Last Updated: June 24 2024 

Blue Cross and Blue Shield of Nebraska (BCBSNE) Medicare Readmission Quality Program is part of the payment methodology we use to pay some facilities for services rendered to our Medicare Advantage (MA) members. The Readmission Review Program applies to all Blue Cross Blue Shield of Nebraska benefit plans and acute care facilities that are paid based on Medicare Severity Diagnosis Related Group (MS-DRG) payment methodology established by Centers for Medicare & Medicaid Services (CMS) published guidelines. This includes facilities that participate in BCBSNE MA care provider network as well as those that do not. The Readmission Review Program is allowed by CMS requirements and guidance. 
 
BCBSNE follows the guidelines established by the CMS for Same Day Readmissions, 30 day Readmissions, Planned Readmissions and Leave of Absence. CMS encourages facilities to improve communication and care coordination for patients and caregivers in discharge planning to reduce avoidable readmissions. Patients are more likely to have better outcomes, functional ability, survivability and quality of life.  

Review criteria 

The review criteria include but are not limited to the following:

  • Readmissions related to the first admission
  • Preventable readmissions 
  • Premature hospital discharge from the same facility or a facility within the same health system or under the same provider contract 
  • Unplanned surgery resulting in a continuation of the initial admission 
  • Condition or procedure attributed to a readmission due to a failed surgical procedure or interventional service 
  • Infection due to the initial admission 
  • Medical necessity 
  • Exacerbation of symptoms of a chronic illness 

Exclusions

  • Admissions for the medical treatment of cancer, primary psychiatric disease and rehabilitation care or other similar repetitive treatments 
  • Planned readmissions  
  • Patient transfers from one acute care hospital to another  
  • Patient discharged from the hospital against medical advice 
  • Transplants 

As a provider what should I expect? 

  • Blue Cross and Blue Shield Nebraska (BCBSNE) will perform a clinical review of acute care facility readmissions that occur within 30 days of discharge from the same hospital. 
  • If BCBSNE determines that a provider has submitted a second claim after a patient has been discharged from an acute inpatient stay, medical records may be requested from the provider. 
  • All days for the initial admission and readmission must receive prior authorization 
  • BCBSNE will also review during authorization process whether the second admission is related to first admission. 
  • Providers may dispute determinations through the provider appeals process. 
  • If BCBSNE determines that the subsequent admits are a readmission BCBSNE will deny subsequent claims and only pay initial. 

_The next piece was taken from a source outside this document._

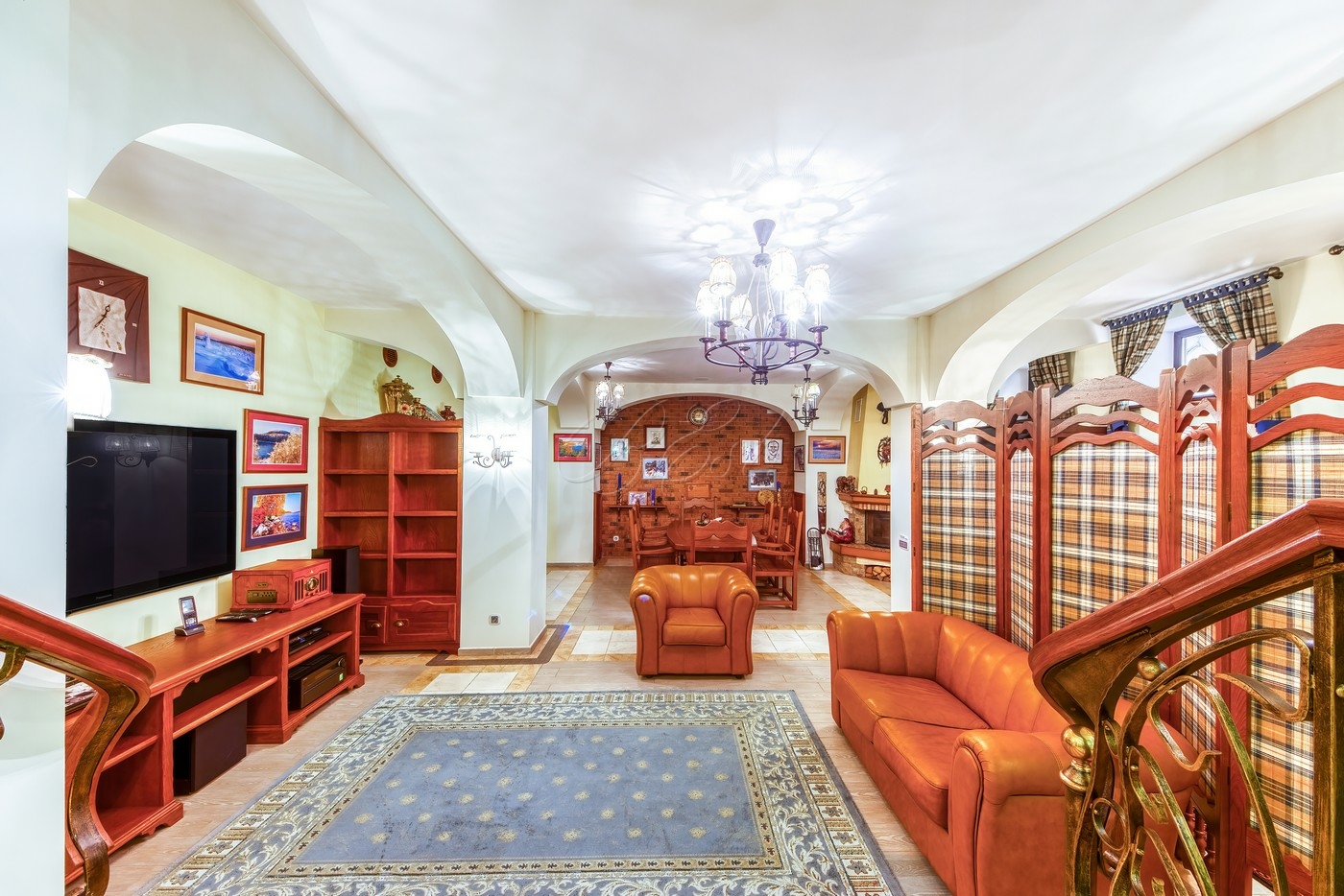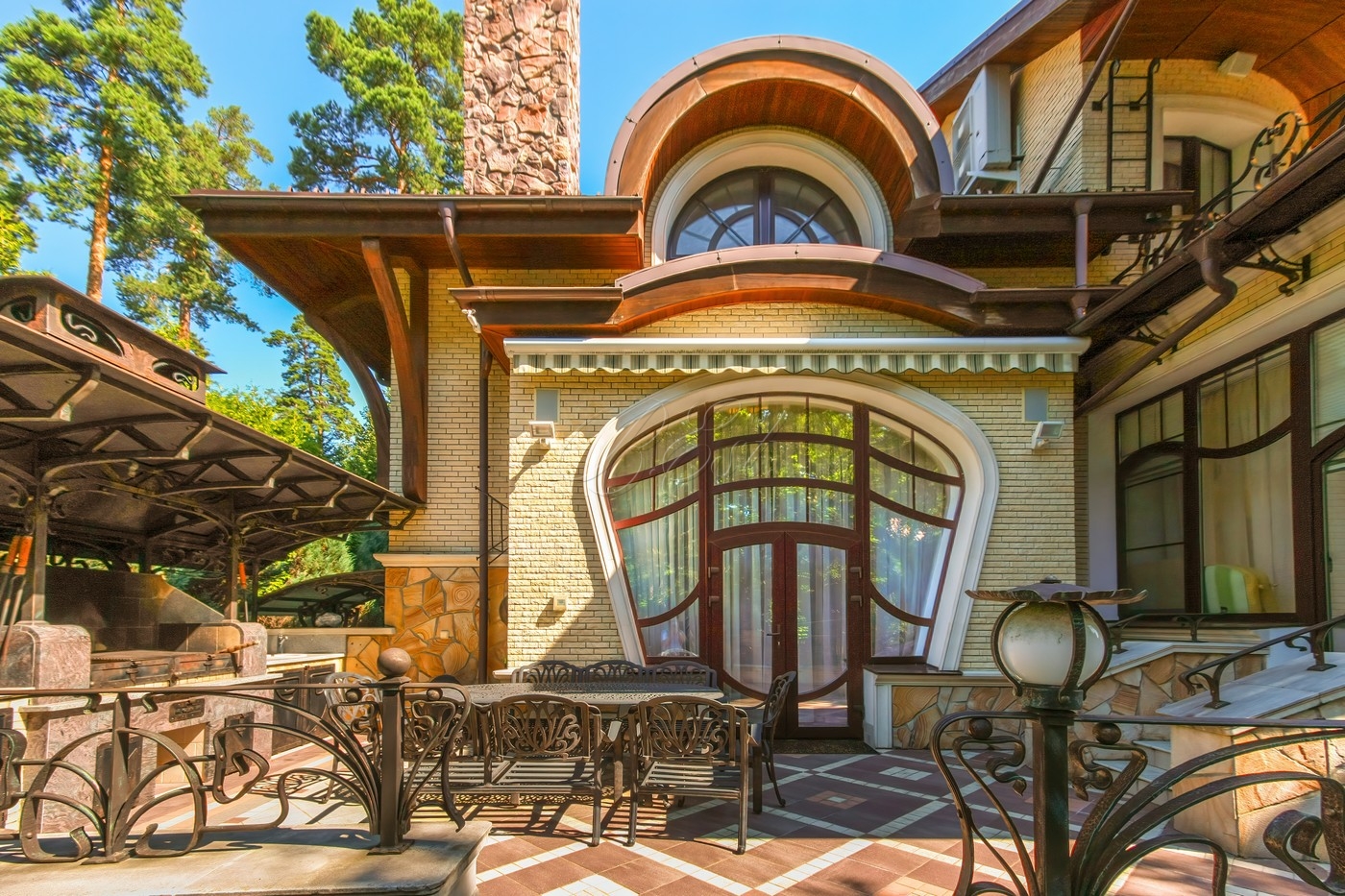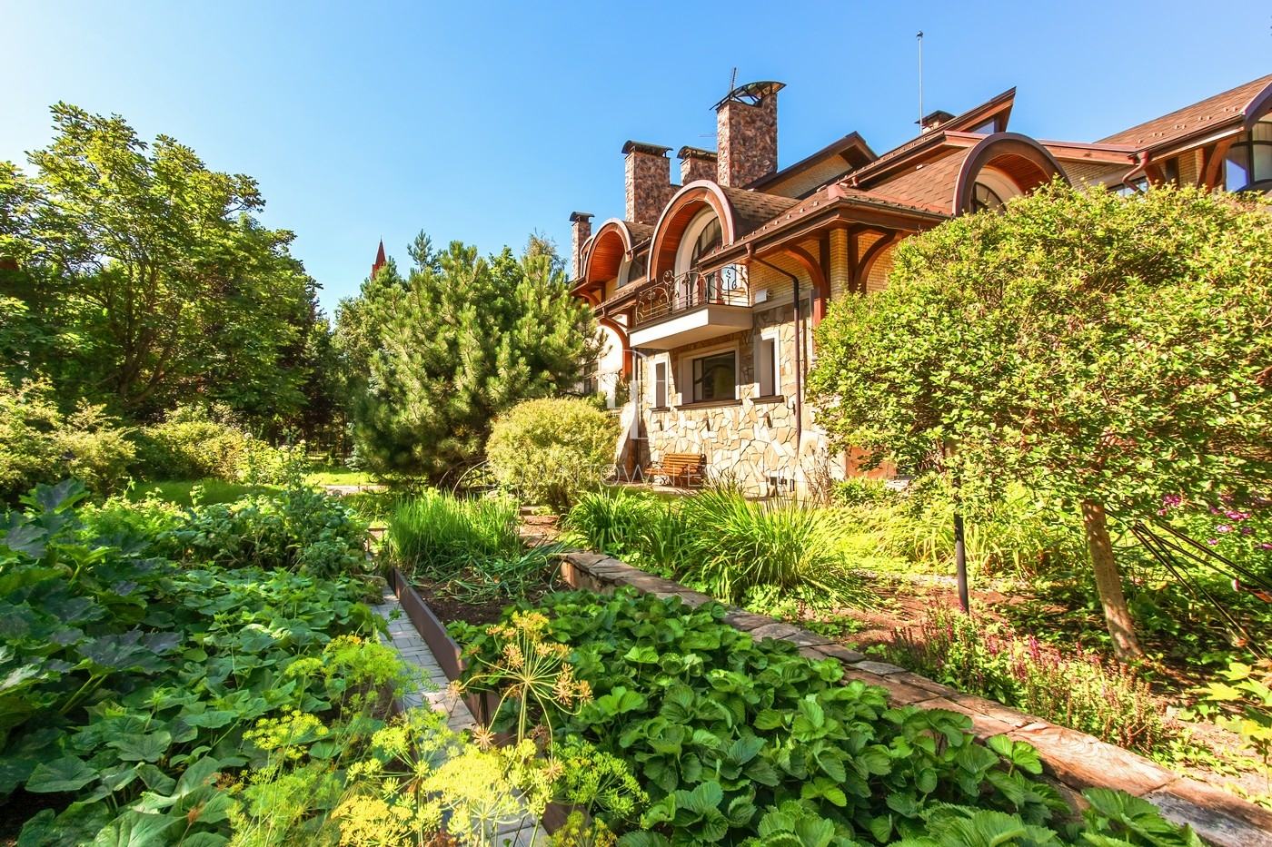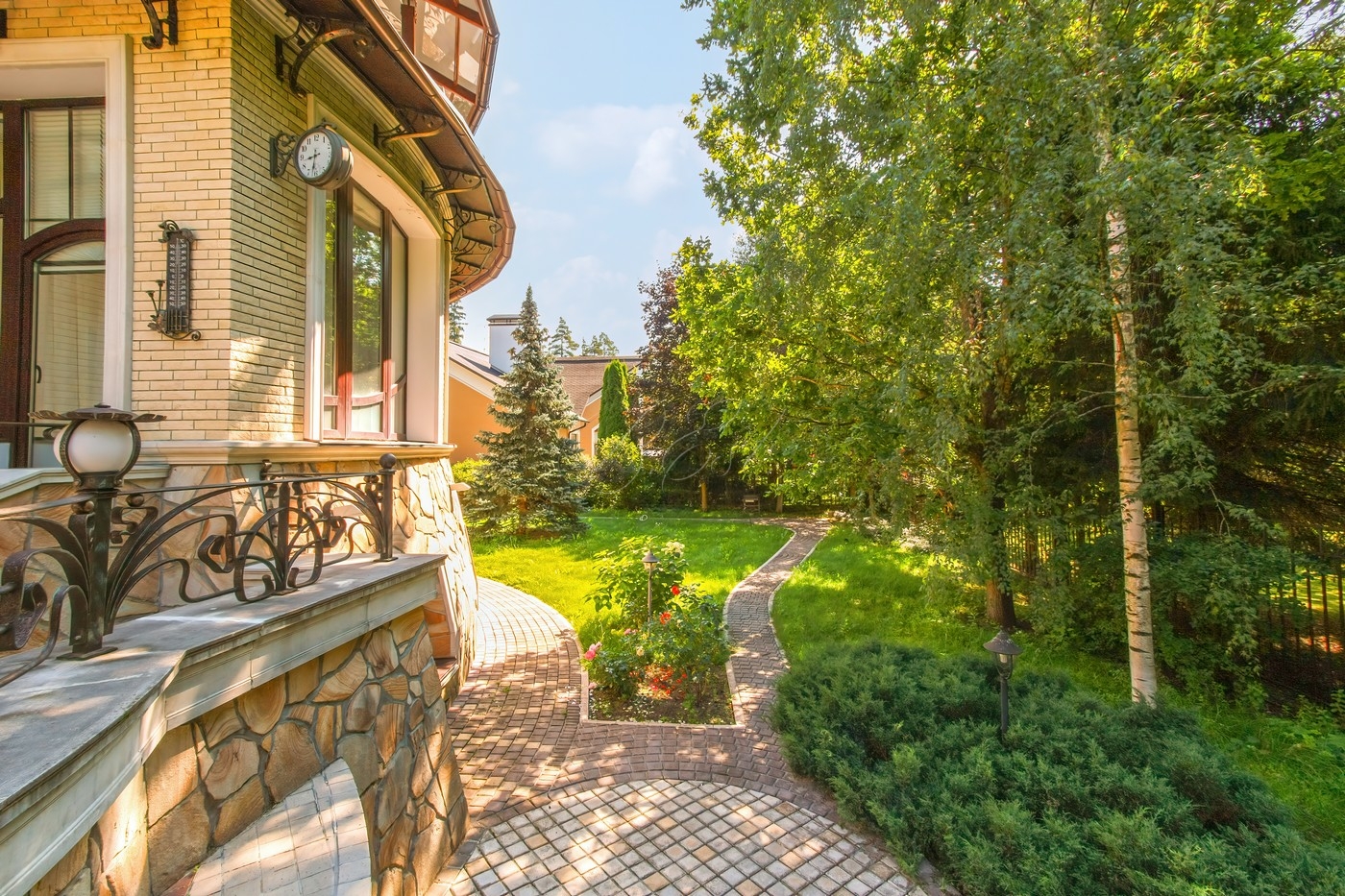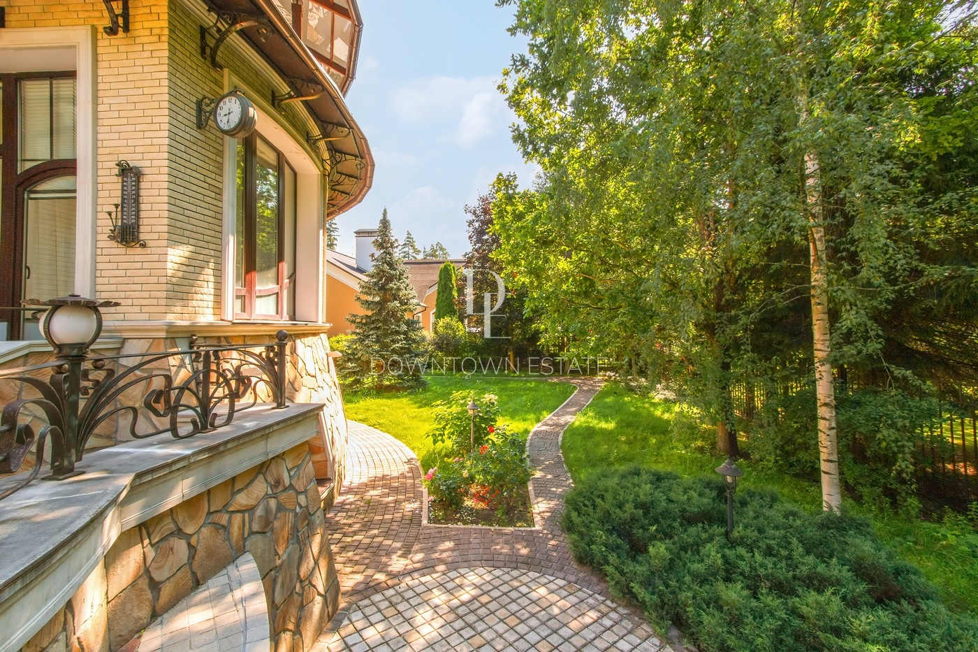 Объект 25026. Продается дом в коттеджном поселке "Лесные Дали-3" с выходом в пансионат "Лесные Дали" управ. делами. Великолепный кирпичный дом с элементами стиля модерн, в прекрасном состоянии. Внутри - высокие потолки и дорогая мебель из Европы. Удобная планировка первого этажа предусматривает просторную гостиную с живописным летним патио и лежаками, смотрящими на хвойный лес, кухню, столовую, гостевой санузел, гардеробную и гараж на 2 авто. На втором этаже большая мастер-спальня с собственной гардеробной и просторным санузлом, большой балкон с видом на хвойный лес, 2 детские спальни со своими гардеробными и санузлами, а также кабинет-библиотека. В цоколе располагается SPA-зона с сауной, джакузи и комнатой отдыха, квартира для персонала с собственными кухней и санузлом.
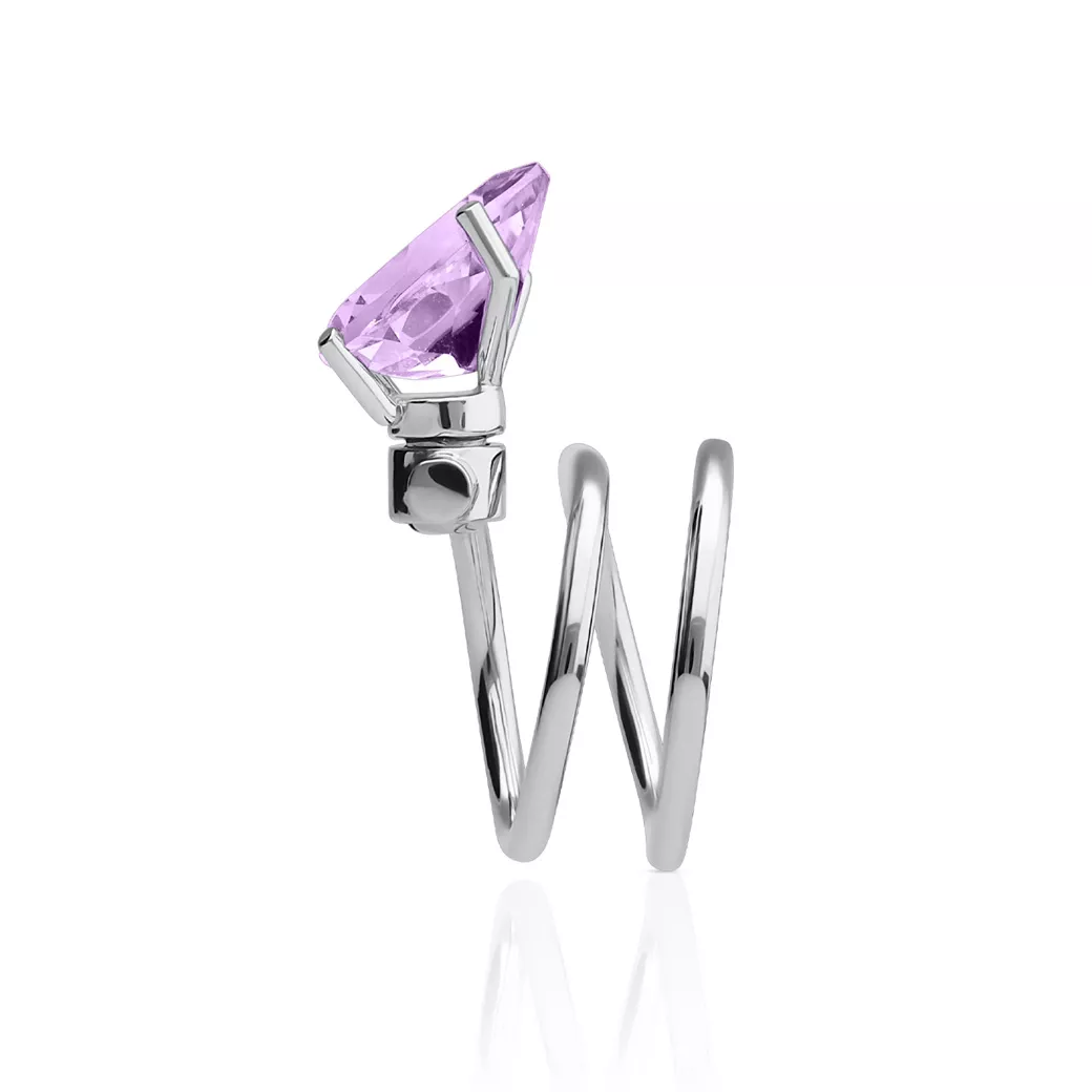 La precisión también puede emocionar. Este anillo de dos dedos convierte la arquitectura en un gesto sereno: la doble sujeción amplía la superficie visual y permite que el color se exprese con naturalidad. El oro blanco de 18K aporta claridad, sobriedad y rigor, enmarcando la amatista pink y realzando su tono suave y luminoso.

As a provider what should I do?

  • Upon request of medical records, the facility must forward related medical records and supporting documentation. 
  • If it is determined that the acute stays were clinically related, BCBSNE may deny payment to the facility for the readmission.  

Resources 

Hospital Readmissions Reduction Program (HRRP) | CMS 

CMS Claims Processing Manual, Chapter 3 - Inpatient Hospital Billing 

CMS, Medicare Quality Improvement Organization (QIO) Manual. Readmission Review, Chapter 4, Section 4240 

MA specific rule sets  

The Readmission Review Program applies to all BCBSNE MA benefit plans and acute care facilities that are paid based on MS-DRG payment methodology established by CMS published guidelines. This includes facilities that participate in BCBSNE MA care provider network as well as those that do not. The Readmission Review Program is allowed by CMS requirements and guidance. 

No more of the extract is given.